WHAT THE TASK REQUIRES: Retype the data below verbatim; pictures do not belong in the copy.
◆ ◆ ◆ ◆ ◆
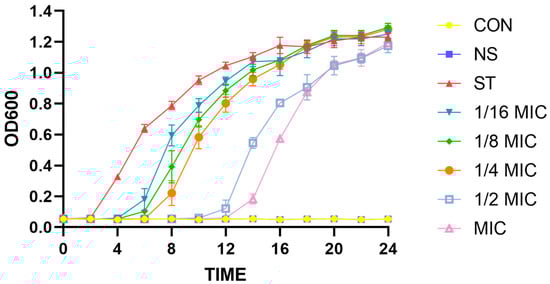 Effect of different treatment dosages of Bacillus licheniformis on growth of Salmonella typhimurium. CON is blank control group; NS is positive control group, which is neomycin sulfate at a concentration of 50 μg/mL; ST is negative control group; and the 1/16 MIC, 1/8 MIC, 1/4 MIC, 1/2 MIC, and MIC groups are the treatment groups with different concentrations of B. licheniformis.
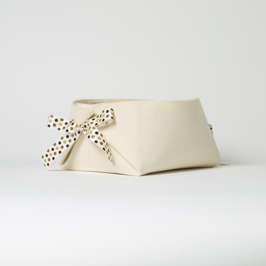 Our Handmade baskets are felted natural wool blend and manufactured in Canada.Â
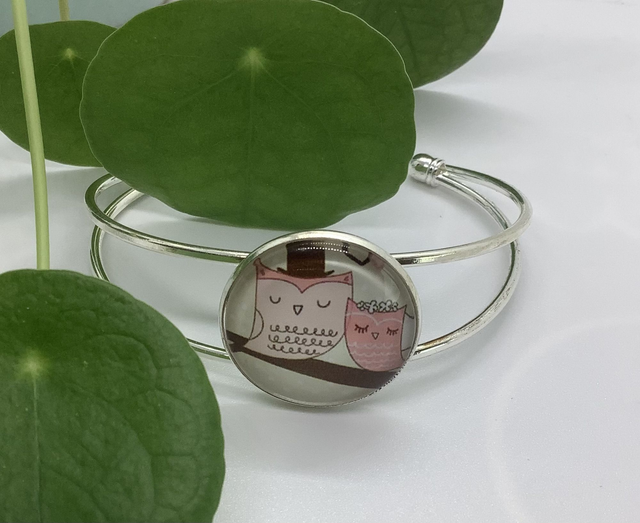 Au centre, un cabochon de verre rond met en scène une illustration pleine de charme : deux petits hiboux colorés se blottissent l'un contre l'autre, entourés de cœurs. L'un est bleu et vert, l'autre est rose et violet, formant un duo attachant et joyeux.
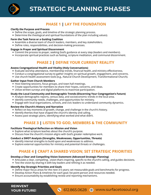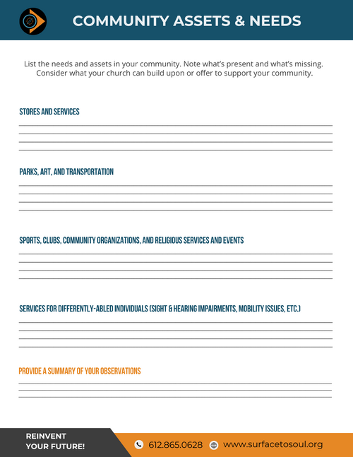 - Review the church's current mission, vision, and values.
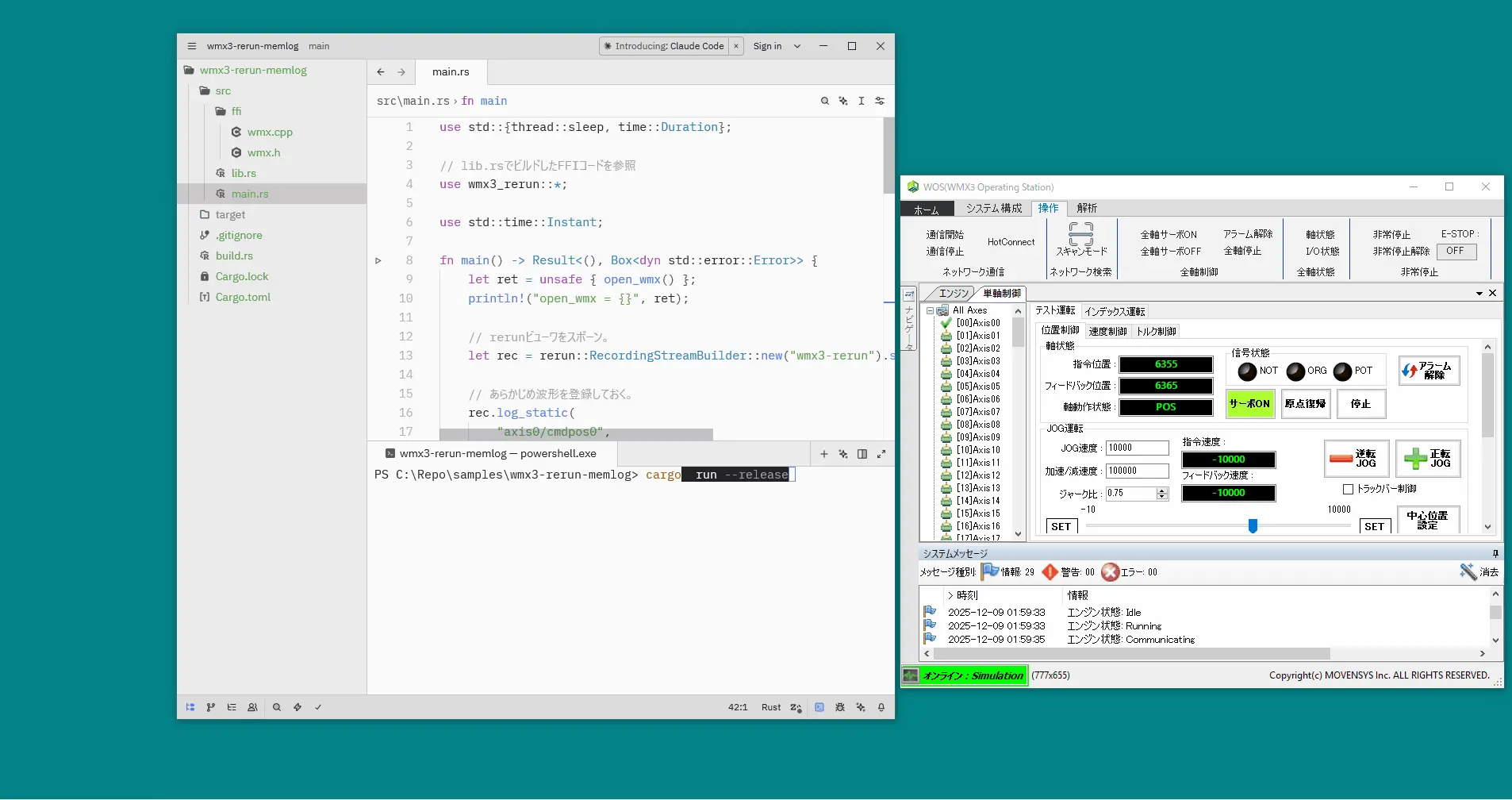 実行するには、wmx3-rerun-memlogでcargo runします。
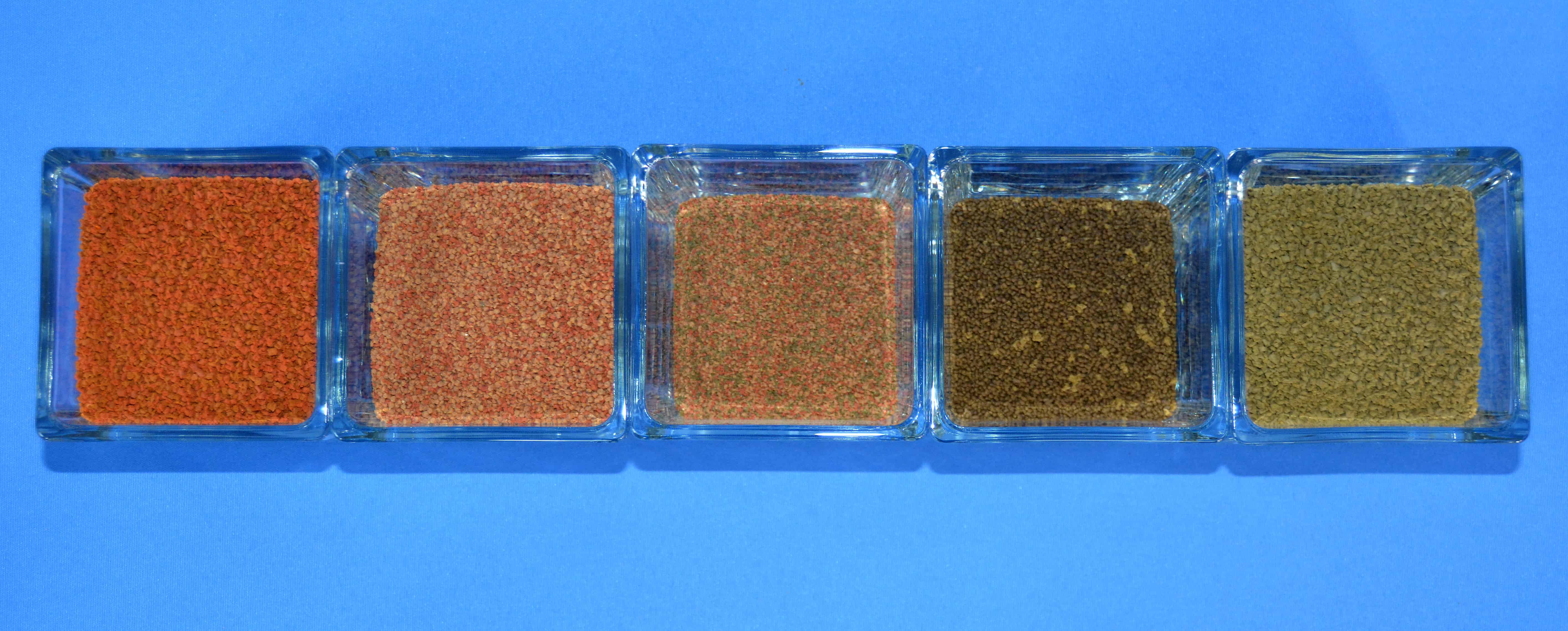 Granulat sinkt relativ schnell (wie Sandkörner im Wasser) und eignet sich daher gut für Fische, die ihr Futter in der Natur in den mittleren Wasserschichten aufnehmen. In deinem Aquarium also eignet sich das Futter für die Tiere, die sich in der mittleren Zone aufhalten. Welches Futter deine Fische brauchen, verraten dir die Maulformen (mehr über Maulformen erfährst du hier).
◆ ◆ ◆ ◆ ◆
ANSWER BOX:
 Effect of different treatment dosages of Bacillus licheniformis on growth of Salmonella typhimurium. CON is blank control group; NS is positive control group, which is neomycin sulfate at a concentration of 50 μg/mL; ST is negative control group; and the 1/16 MIC, 1/8 MIC, 1/4 MIC, 1/2 MIC, and MIC groups are the treatment groups with different concentrations of B. licheniformis.
 Our Handmade baskets are felted natural wool blend and manufactured in Canada.Â
 Au centre, un cabochon de verre rond met en scène une illustration pleine de charme : deux petits hiboux colorés se blottissent l'un contre l'autre, entourés de cœurs. L'un est bleu et vert, l'autre est rose et violet, formant un duo attachant et joyeux.
 - Review the church's current mission, vision, and values.
 実行するには、wmx3-rerun-memlogでcargo runします。
 Granulat sinkt relativ schnell (wie Sandkörner im Wasser) und eignet sich daher gut für Fische, die ihr Futter in der Natur in den mittleren Wasserschichten aufnehmen. In deinem Aquarium also eignet sich das Futter für die Tiere, die sich in der mittleren Zone aufhalten. Welches Futter deine Fische brauchen, verraten dir die Maulformen (mehr über Maulformen erfährst du hier).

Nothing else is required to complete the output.